Fig. 1 is that illustrated arrangement is to realize the block diagram of the computer system of one or more aspects of the present invention;

Fig. 2 is the block diagram of the parallel processing subsystem of the computer system among Fig. 1 according to an embodiment of the invention;

Fig. 3 A is the block diagram of the common treatment bunch (GPC) in one of parallel processing element (PPU) of Fig. 2 according to an embodiment of the invention;

Fig. 3 B is the block diagram of the zoning unit in one of parallel processing element in Fig. 2 according to an embodiment of the invention;

Fig. 4 is the block diagram that is configured to avoid the computer system of deadlock according to an embodiment of the invention; With

Fig. 5 is a process flow diagram of avoiding the method step of deadlock according to an embodiment of the invention.

Embodiment

In the following description, a large amount of concrete details have been provided so that more thorough understanding of the invention is provided.Yet, it will be apparent to one skilled in the art that the present invention can need not one or more these details and implemented.In other example, for fear of obscuring with the present invention, more known features are not described.

System survey

Fig. 1 is that illustrated arrangement is to realize the block diagram of the computer system 100 of the one or more aspects of the present invention.Computer system 100 comprises CPU (central processing unit) (CPU) 102 and system storage 104, and the two communicates via total thread path by Memory bridge 105.Memory bridge 105 can be integrated among the CPU 102 as shown in Figure 1.As an alternative, Memory bridge 105 can be a for example north bridge chips of usual equipment, and it is connected to CPU 102 by bus.Memory bridge 105 is connected with I/O (I/O) bridge 107 by communication path 106 (for example HyperTransport (super transmission) link).I/O bridge 107 for example can be a South Bridge chip, and it receives user's input from one or more user input devices 108 (for example keyboard, mouse), and should import by path 106 and Memory bridge 105 and be transmitted to CPU 102.Parallel processing subsystem 112 is coupled with Memory bridge 105 by bus or other communication paths 113 (for example PCIExpress, Accelerated Graphics Port or super transmission link); In one embodiment, parallel processing subsystem 112 is the graphics subsystems that pixel offered display device 110 (for example traditional CRT or based on the display of LCD).System disk 114 is connected in I/O bridge 107 equally.Switch 116 has been carried I/O bridge 107 and such as the connection between the miscellaneous part of network adapter 118 and various plug-in card 120 and 121.Comprise the miscellaneous part (clearly not illustrating among the figure) of the connection of USB or other ports, CD driver, DVD driver, film recording unit etc., also can be connected with I/O bridge 107.The interconnective communication path of various parts among Fig. 1 can be realized with any suitable agreement, such as PCI (Peripheral Component Interconnect), PCI Express (PCI-E), AGP (Accelerated Graphics Port), super transmission or any other bus or point to point protocol, and the connection between the distinct device can be used different agreement, as known in the art.

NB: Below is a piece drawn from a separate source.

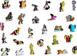 Laserem vyřezávané dřevěné puzzle WOODEN CITY se svými speciálně tvarovanými dílky je neskutečně zábavné. Část dílků je vyrobena ve tvaru zvířat, staveb nebo předmětů , jejichž výsledný efekt umocňují laserem zvýrazněné detaily. Tyto dílky mohou samostatně stát jako drobné figurky. Skládání puzzle s různotvarými dílky je obtížnější a představuje větší výzvu, než skládání klasického puzzle. Puzzle je navíc oboustranné , skládat můžete jak podle obrázku (lícová strana), tak podle tvaru (rubová strana se vzorem).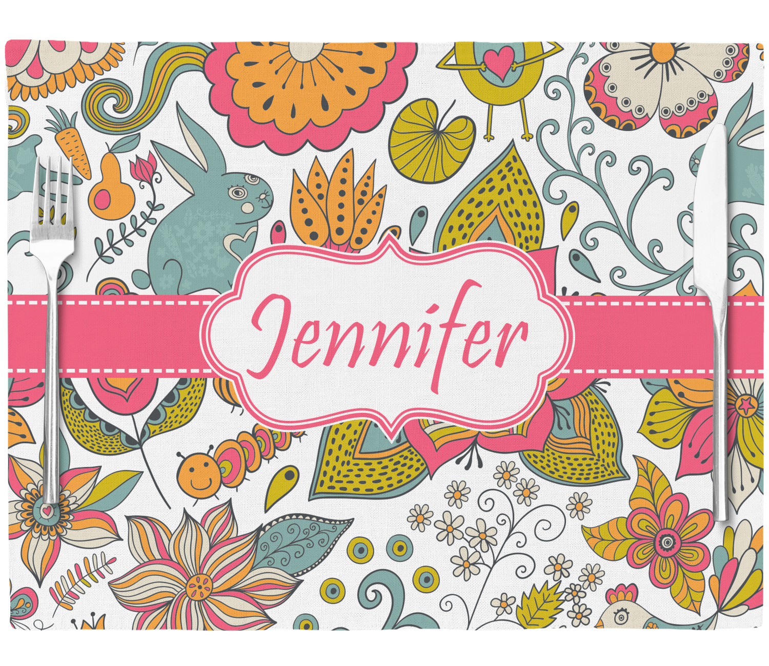 Each of our table mats are a poly twill material with woven burlap detailing. This creates a soft, quality placemat for us to fully print your personalized design across. The woven twill also adds a wrinkle-free surface to set your table! Each customizable placemat is a rectangle shape measuring at approximately 13 x 18 and printed here in the USA.

In one embodiment, parallel processing subsystem 112 is included as the circuit of figure and Video processing optimization, comprises for example video output circuit, and has constituted Graphics Processing Unit (GPU).In another embodiment, parallel processing subsystem 112 is included as common treatment optimization, and has kept the circuit of bottom computing architecture, and this paper will describe in further detail.In another embodiment, parallel processing subsystem 112 can integrated one or more other system elements, and for example Memory bridge 105, CPU 102 and I/O bridge 107 are to form SOC (system on a chip) (SoC).

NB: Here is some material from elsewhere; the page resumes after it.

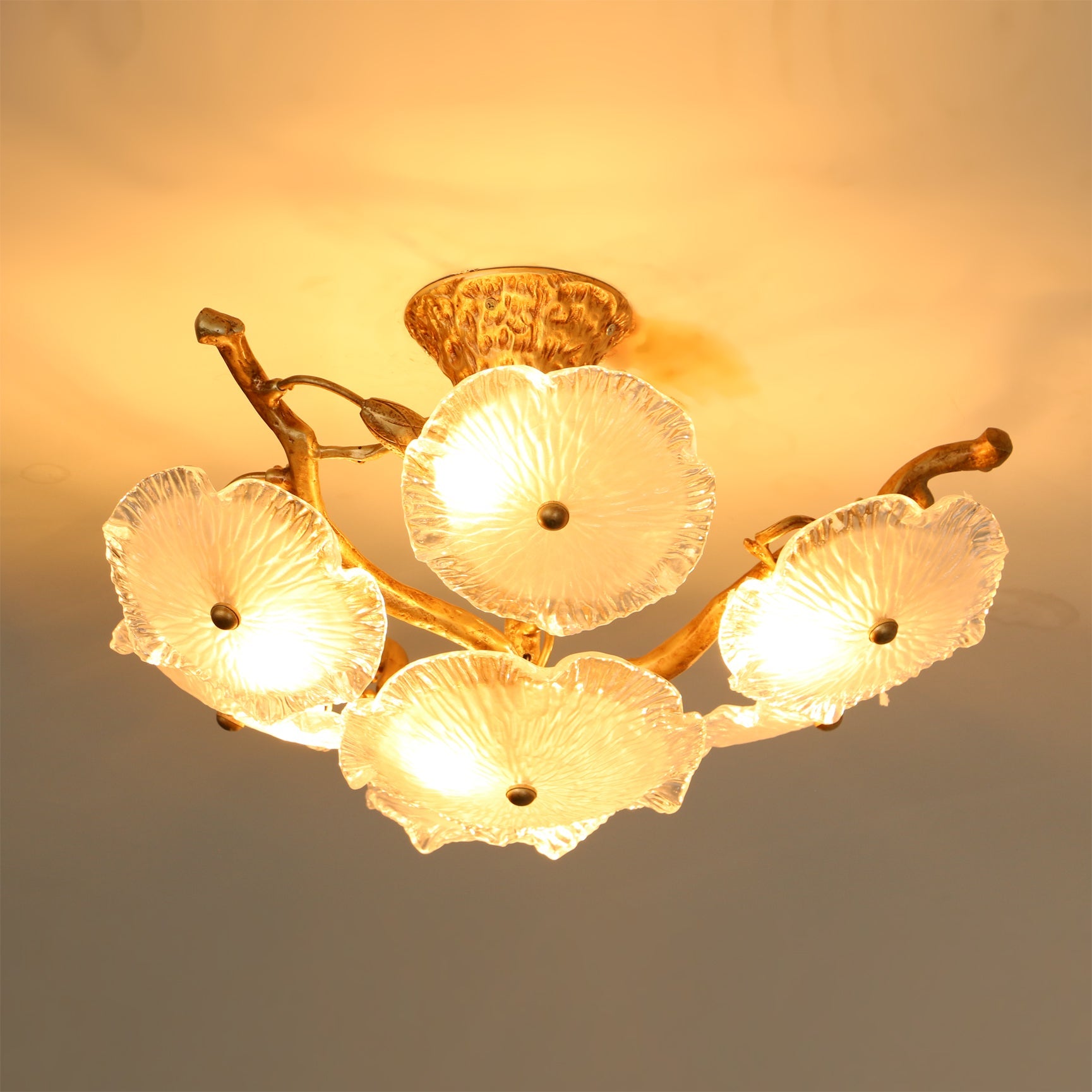 Evoke the serenity of nature with the Kamal Ceiling Lamp. Inspired by the delicate structure of blooming lotuses. this flush-mount fixture features a sculptural brass frame with an antiqued gold finish. Each 'petal' is crafted from hand-blown textured glass. meticulously designed to diffuse light with a soft. ethereal glow.

Be understandable that the system that illustrates just schematically can change and revises it here.Comprise being connected topological structure and can revising as required of the quantity of bridge and arrangement.For example, in certain embodiments, system storage 104 directly is connected rather than is connected by bridge with CPU 102, and other equipment communicate with system storage 104 by Memory bridge 105 and CPU 102.In other selectable topological structures, parallel processing system (PPS) 112 is connected with I/O bridge 107 or directly is connected with CPU 102, rather than be connected with Memory bridge 105.In other embodiments, the one or more of CPU102, I/O bridge 107, parallel processing subsystem 112 and Memory bridge 105 are integrated on one or more chips.Here the specific features that illustrates is optional; For example, can support any amount of plug-in card or peripheral hardware.In certain embodiments, saved switch 116, network adapter 118 directly is connected with I/O bridge 107 with plug-in card 120,121.

Fig. 2 shows parallel processing subsystem 112 according to an embodiment of the invention.As shown in the figure, parallel processing subsystem 112 comprises one or more parallel processing elements (PPU) 202, and each parallel processing element all is coupled with local parallel processing (PP) storer 204.Usually, the parallel processing subsystem comprises U PPU, wherein U 〉=1.(here, a plurality of examples of analogical object with the Reference numeral that shows this object and show that the supplemental instruction numeral (when needing) of this example represents).PPU 202 and parallel processing storer 204 can use for example programmable processor, one or more integrated device electronics of special IC (ASIC) or memory devices, or realize in any other technical feasible mode.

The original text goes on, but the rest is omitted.